Repository files navigation

protobufkdb

GitHub release (latest by date) Travis (.org) branch

This interface allows kdb+ users to parse data which has been encoded using Google Protocol Buffers (protobuf) into kdb+ according to the proto schema and serialise it back to the encoded wire format. The interface utilises the libprotobuf descriptor and reflection C++ APIs.

This is part of the Fusion for kdb+ interface collection.

New to kdb+ ?

Kdb+ is the world’s fastest timeseries database, optimized for ingesting, analyzing and storing massive amounts of structured data. To get started with kdb+, visit https://code.kx.com/q/learn/ for downloads and developer information. For general information, visit https://kx.com/

New to Protocol Buffers ?

Protocol Buffers (Protobuf) is a language-neutral, platform-neutral, extensible mechanism for serializing structured data. It is used both in the development of programs which are required to communicate over the wire or for data storage. Developed originally for internal use by Google, it is released under an open source BSD license. The core principle behind this data format is to allow a user to define the expected structure of their data and incorporate this within specially generated source code. This allows a user to easily read and write structured data to and from a variety of languages.

🌐 Protobuf documentation

Importing protobuf schema files

Protobuf messages are defined in a .proto schema file and these message definitions must be imported into the interface in order for it to be able to create messages of those types. The interface supports two ways to do this (or a combination of both) but the method used will impact how protobufkdb should be installed.

1. Compiling in the generated message definitions

Normally the Protocol Buffers compiler is used to generate source code from the .proto schema files which is then compiled in to the binary:

protoc compiles your message definitions based on a file defined as:

<schema>.proto

producing both a C++ source and header file defined as:

<schema>.pb.cc
<schema>.pb.h

These files contain the classes and metadata which describe the schema and the functionality required to serialize to and parse from this schema.
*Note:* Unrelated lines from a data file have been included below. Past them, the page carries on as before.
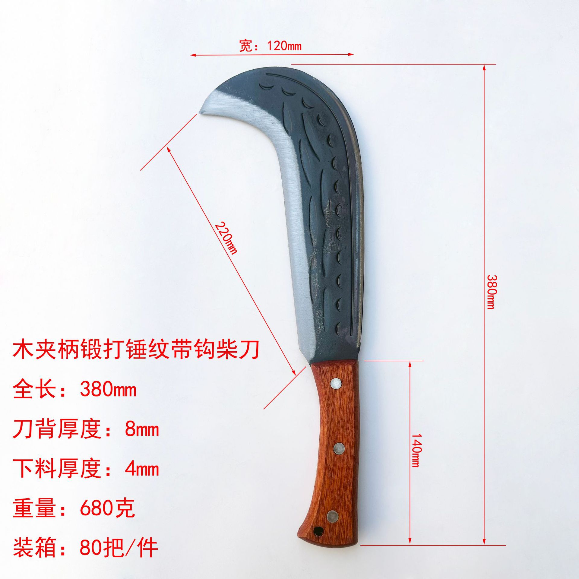 规格 木夹柄37公分木直口柴刀,木夹柄39公分直口柴刀,木夹柄锻打锤纹带钩柴刀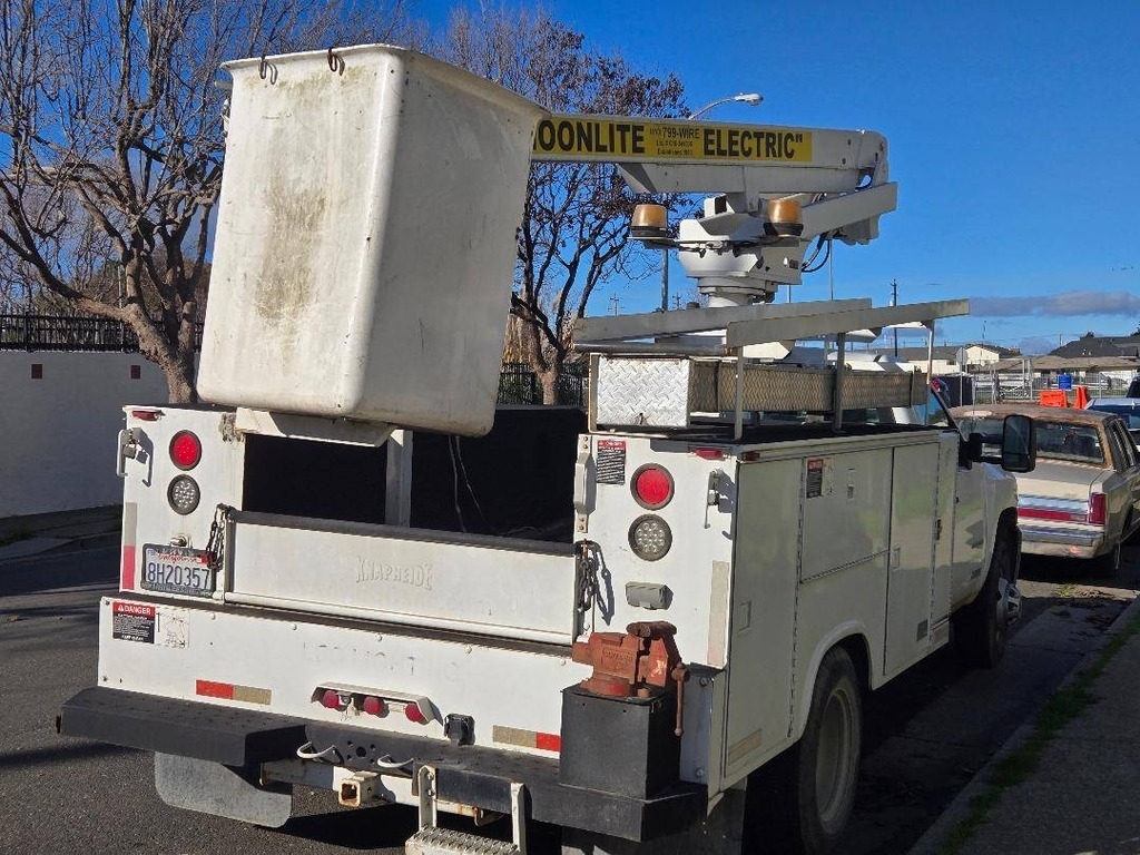 This 2014 Chevrolet 3500 HD Bucket Truck is a low-mileage, well-maintained utility vehicle built for dependable performance and professional use. It is powered by a Duramax 6.6L turbo diesel engine paired with an Allison automatic transmission, delivering strong pulling power and long-term reliability. The truck is equipped with an Altec AT200A-CS bucket, making it ideal for electrical, lighting, signage, and maintenance applications. Showing just 36,900 miles, it features new tires, brakes that are like new, dual fuel tanks, and dual rear wheels for added range and stability. The cab offers three seats, and the truck runs like new. It comes with a clean title and current smog certification in hand, making it a turnkey bucket truck ready to go to work.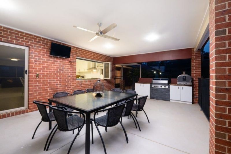 Inside the home you will find 5 bedrooms. The master has an en-suite, walk in robe and a ceiling fan. Three of the bedrooms have generous BIRs and ceiling fans. The fifth room can be used as a bedroom or home business with it's own entry. The main bathroom features a large 2 person size bath.

This mechanism is more performant but does require that protobufkdb be built from source since the binary needs to be rebuilt to change the statically available messages.

2. Dynamically importing the message definitions at runtime

To provide greater flexibility and usability it is also possible to dynamically import a .proto schema file at runtime from within the q session. Imported message definitions can then be used subsequently by the interface and behave similarly to compiled in ones (the import procedure leverages the same functionality as used by the protobuf compiler).

If only dynamically imported message definitions are required then the packaged installation of protobufkdb can be used. However, importing message definitions is less performant - in addition to the one-off import cost, there is also an overhead from the subsequent use of these dynamically created messages (approx. 10% for parsing, 20% for serializing). Alternatively a hybrid approach can be employed where dynamic messages are used during development until the schemas are finalized, at which point they are compiled into the interface.

Installation

Requirements

  • kdb+ ≥ 3.5 64-bit (Linux/macOS/Windows)
  • protobuf ≥ 3.0 (recommended 1)
  • C++11 or later 2
  • CMake ≥ 3.1 2

Installing a release

The protobufkdb releases are linked statically against libprotobuf to avoid potential C++ ABI compatibility issues with different versions of libprotobuf. Therefore it is unnecessary to install protobuf separately when used a packaged release.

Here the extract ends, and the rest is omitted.